Fueron muchas las jornadas de protestas ciudadanas en la región, el movimiento en redes sociales y el papel fundamental de unas 300 organizaciones ambientalistas, para conseguir que ni las amenazas de Yáñez con expropiar las tierras, les hicieran desistir de proteger este ecosistema.  

La CAR declaró a principios de mes la pérdida de vigencia de la licencia ambiental para el proyecto de explotación de materiales de construcción, localizado en las veredas La Laja y El Peñón, en el municipio de San Francisco de Sales en Cundinamarca, perteneciente a la cuenca del río Negro y subcuenca del río Tobia. 

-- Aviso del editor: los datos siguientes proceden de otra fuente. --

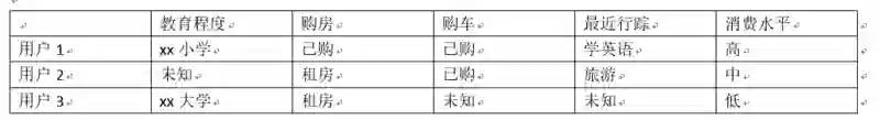 来我店的用户可能是穷学生、富婆、牛奋、各种角色,所以我都不知道是从收入、还是职业、还是籍贯来分类了。于是我干脆设计了一张表,然后去找了一个信用中介买了些数据。
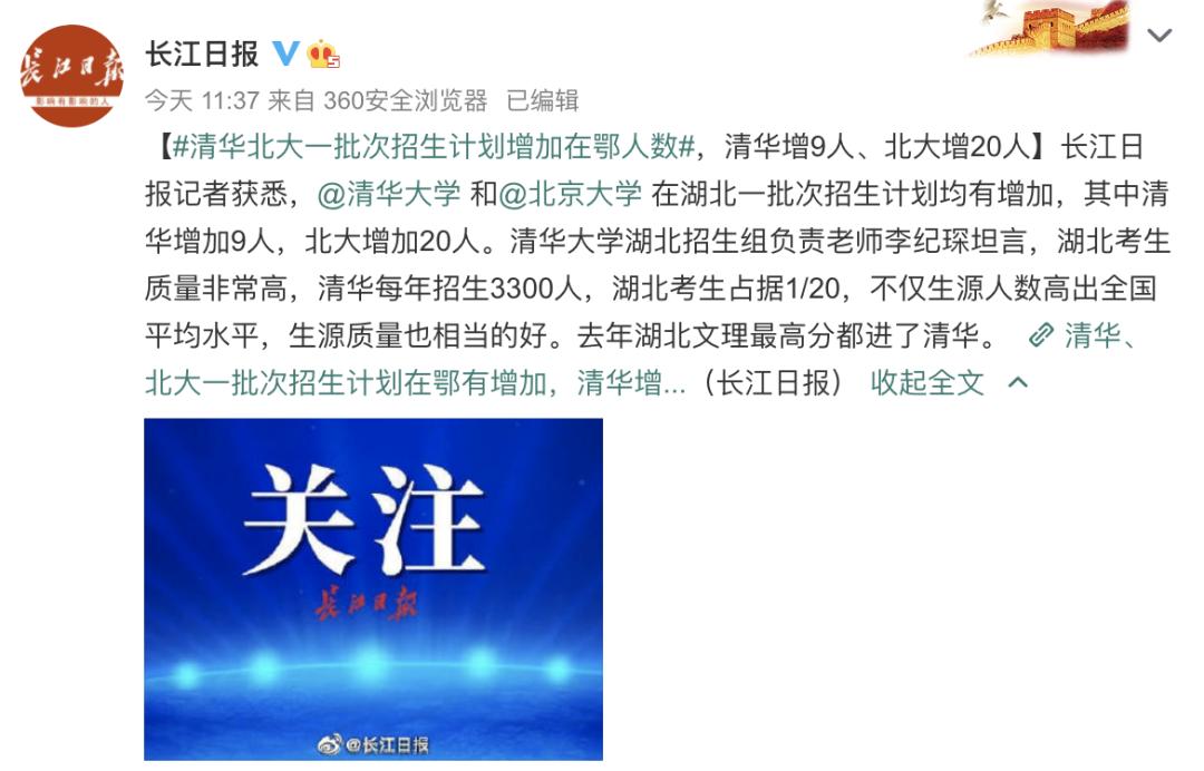 原标题:《罕见!清华北大向湖北扩招这类考生》
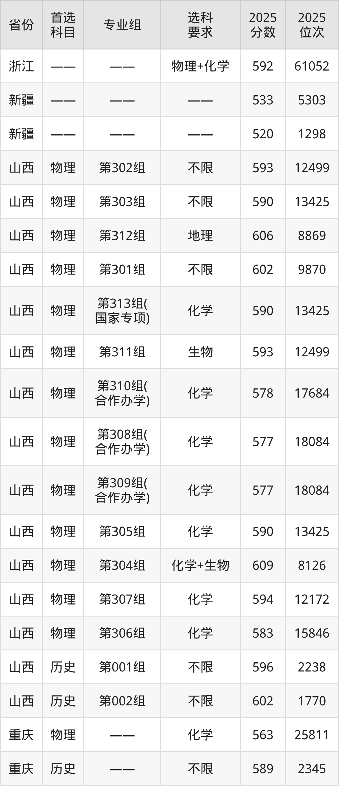 物理类各专业组分数线:第302组593分、第303组590分、第312组606分、第301组602分、第313组(国家专项)590分、第311组593分、第310组(合作办学)578分、第308组(合作办学)577分、第309组(合作办学)577分、第305组590分、第304组609分、第307组594分、第306组583分。
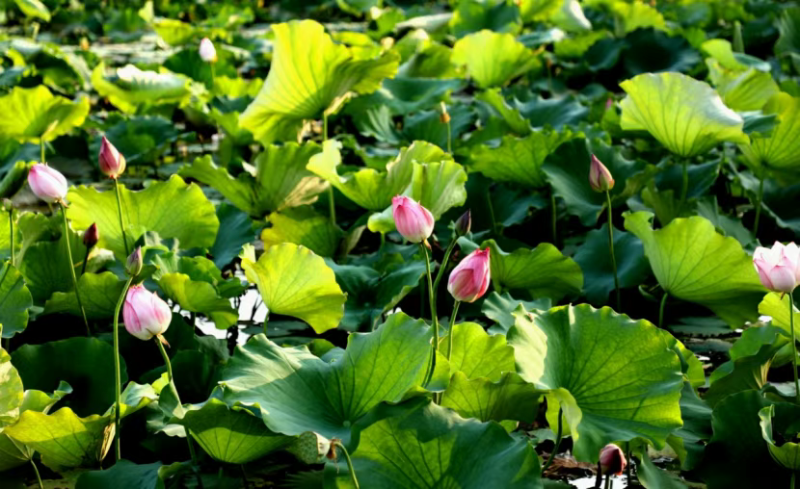 6月6日,歙县桂林镇境内的上海练江牧场, 6座水塘内的荷花盛开,初夏荷花绽放引来外地游客和本地市民前来赏花。
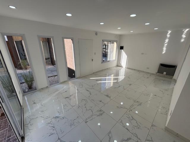 LIVING-COMEDOR AMPLIO Y LUMINOSO, PISOS DE PORCELANATTO SIMIL CALACATTA;
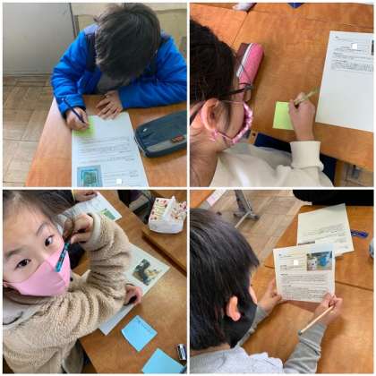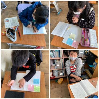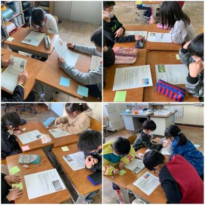今日はその紹介文を読み合っています。友達の紹介文を読んで、書き方や内容についてのよいところを見つけ、付箋に書いています。
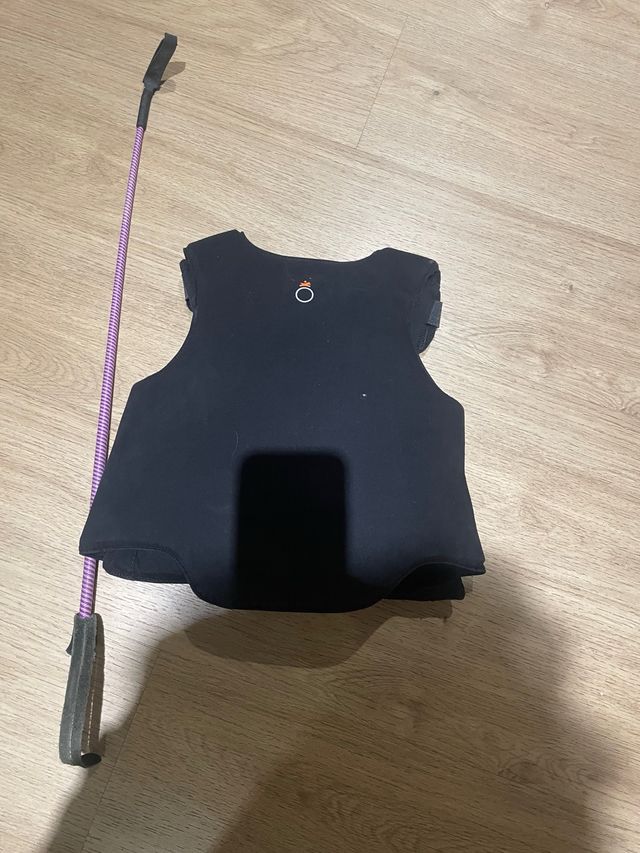 Chaleco de hípica en color negro. Incluye un regalo de polaina y fusta. - Chaleco de protección talla 9/10. - casco talla 56 - Polaina. - Fusta, está la goma separada

De acuerdo con la entidad, durante este año realizó visitas al área y evidenció que no se desarrolla actividad alguna relacionada con la licencia que fue otorgada en abril de 2009, por lo que se procede al archivo de la misma.  

Según explica la resolución, el titular contaba con cinco años de plazo para realizar la fase exploratoria, cumpliéndose así el requisito para archivarla.  

Y aunque suena más a excusa, la CAR señaló que esta licencia se había otorgado en su momento, tras la evaluación de un Plan de Manejo Ambiental que cumplió los requisitos técnicos ambientales, posterior a lo cual la Corporación realizó visitas de seguimiento y control permanente en la zona para garantizar la conservación y cuidado del ecosistema.  

Y reiteró que «no hay ni habrá ningún proyecto de explotación en la zona que pueda afectar la biodiversidad y los recursos naturales».  No obstante, es de amplio conocimiento que las corporaciones autónomas regionales son nidos de corrupción y enclaves politiqueros.